Data section:
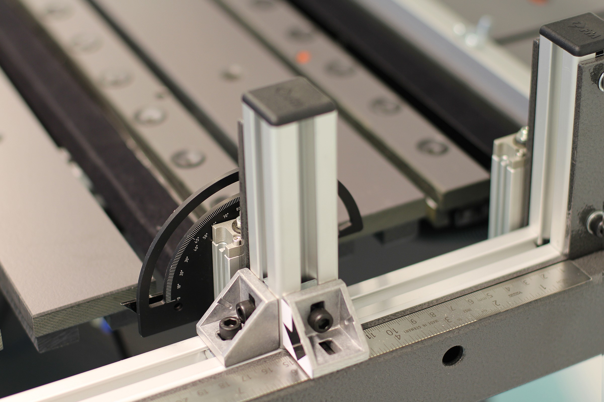 Superfície de la taula duradora proveïda d'un topall paral·lel ajustable.
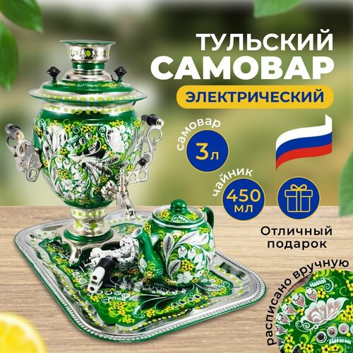 Самовар электрический, зеленый «Ландыши на серебре» с хохломской росписью, 3 литра: сравнение цен, характеристики, фото, актуальное наличие и цены.
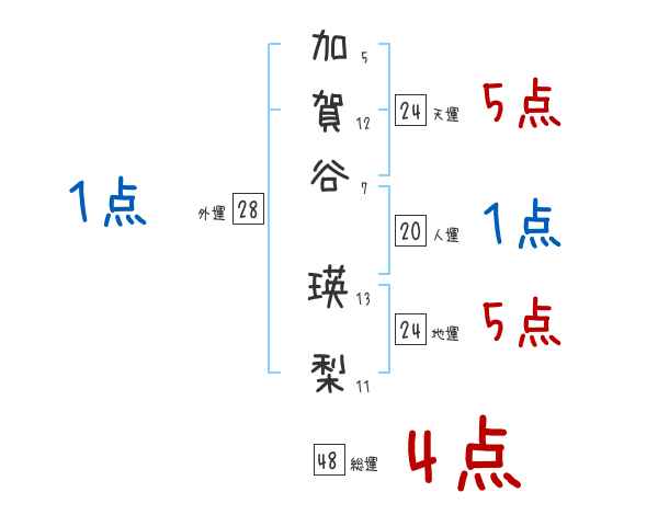 外運![]() | 加賀谷瑛梨さんの外運は28画の1つ星!家庭環境に注意。スポーツで活躍できる能力があるかも。 生活面を象徴する運勢です。外部から受ける影響力を表し、結婚運、家庭運や職場、環境への順応性を表します。 |
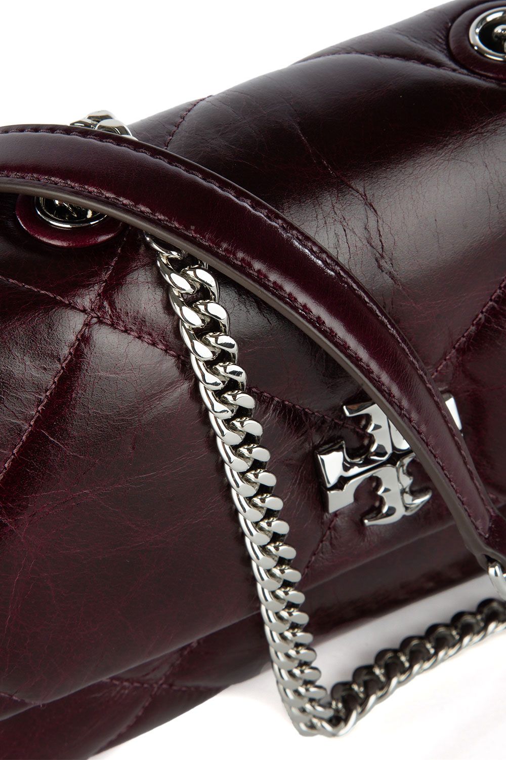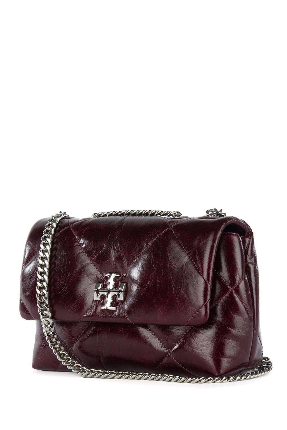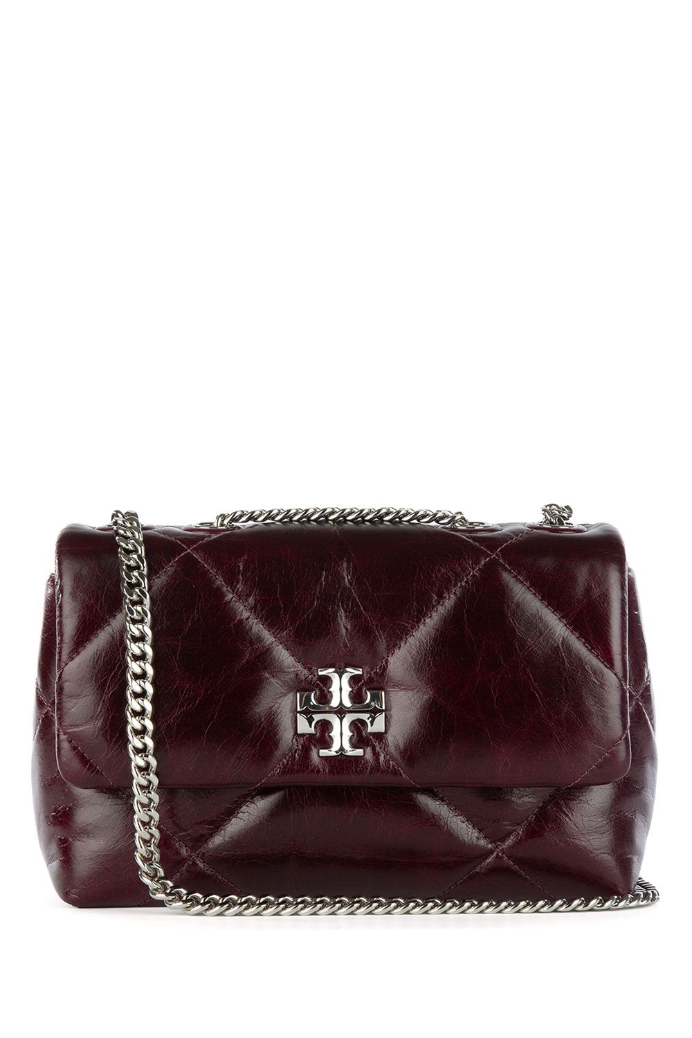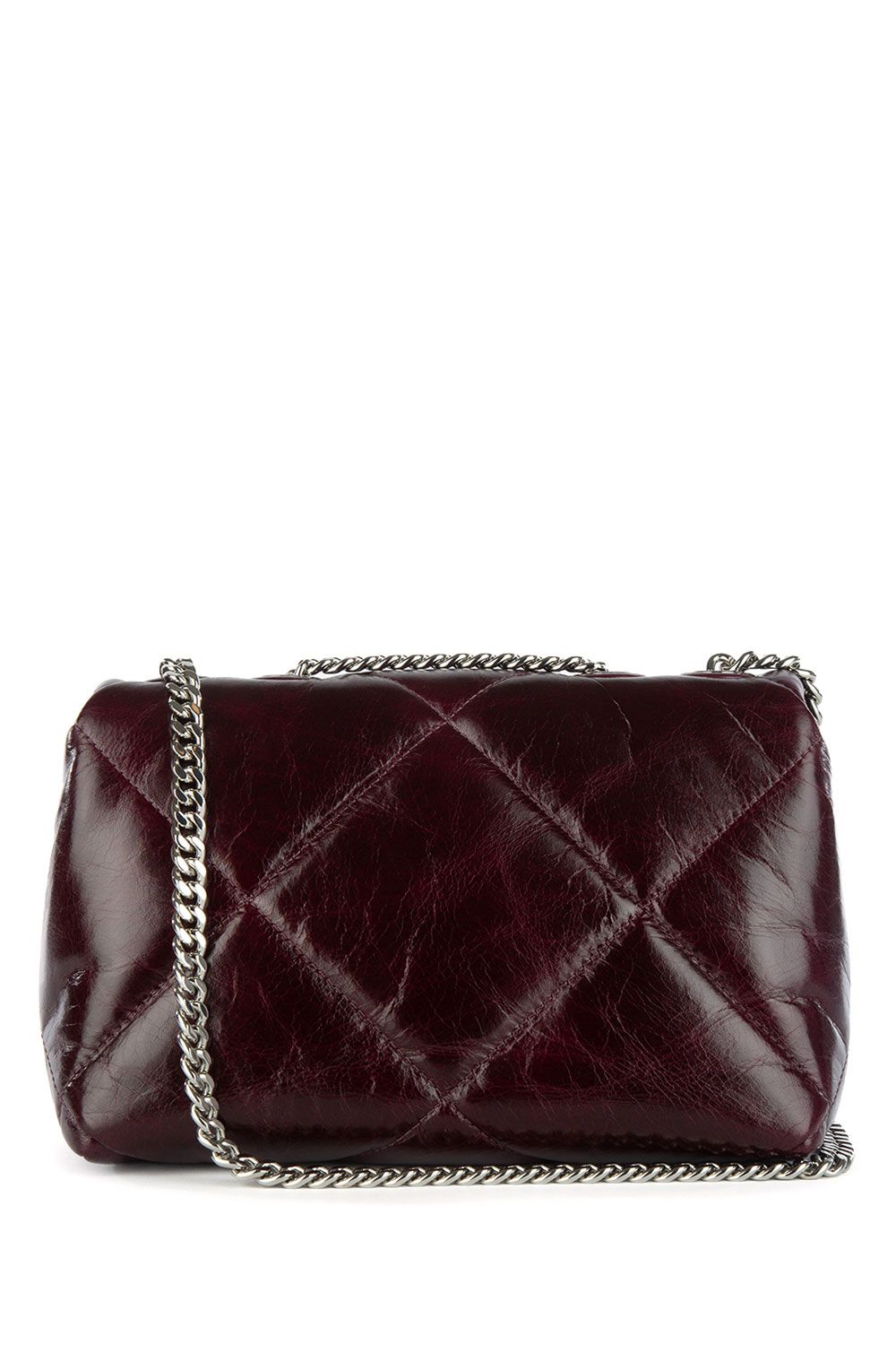 Borsa piccola trapuntata in pelle bordeaux, chiusura magnetica, manici catena e pelle e logo frontale in metallo argento

Task goal: Could you print the material above word for word and skip the images?

Solution to this exercise:
 Superfície de la taula duradora proveïda d'un topall paral·lel ajustable.
 Самовар электрический, зеленый «Ландыши на серебре» с хохломской росписью, 3 литра: сравнение цен, характеристики, фото, актуальное наличие и цены.
 外運![]() | 加賀谷瑛梨さんの外運は28画の1つ星!家庭環境に注意。スポーツで活躍できる能力があるかも。 生活面を象徴する運勢です。外部から受ける影響力を表し、結婚運、家庭運や職場、環境への順応性を表します。 |
 Borsa piccola trapuntata in pelle bordeaux, chiusura magnetica, manici catena e pelle e logo frontale in metallo argento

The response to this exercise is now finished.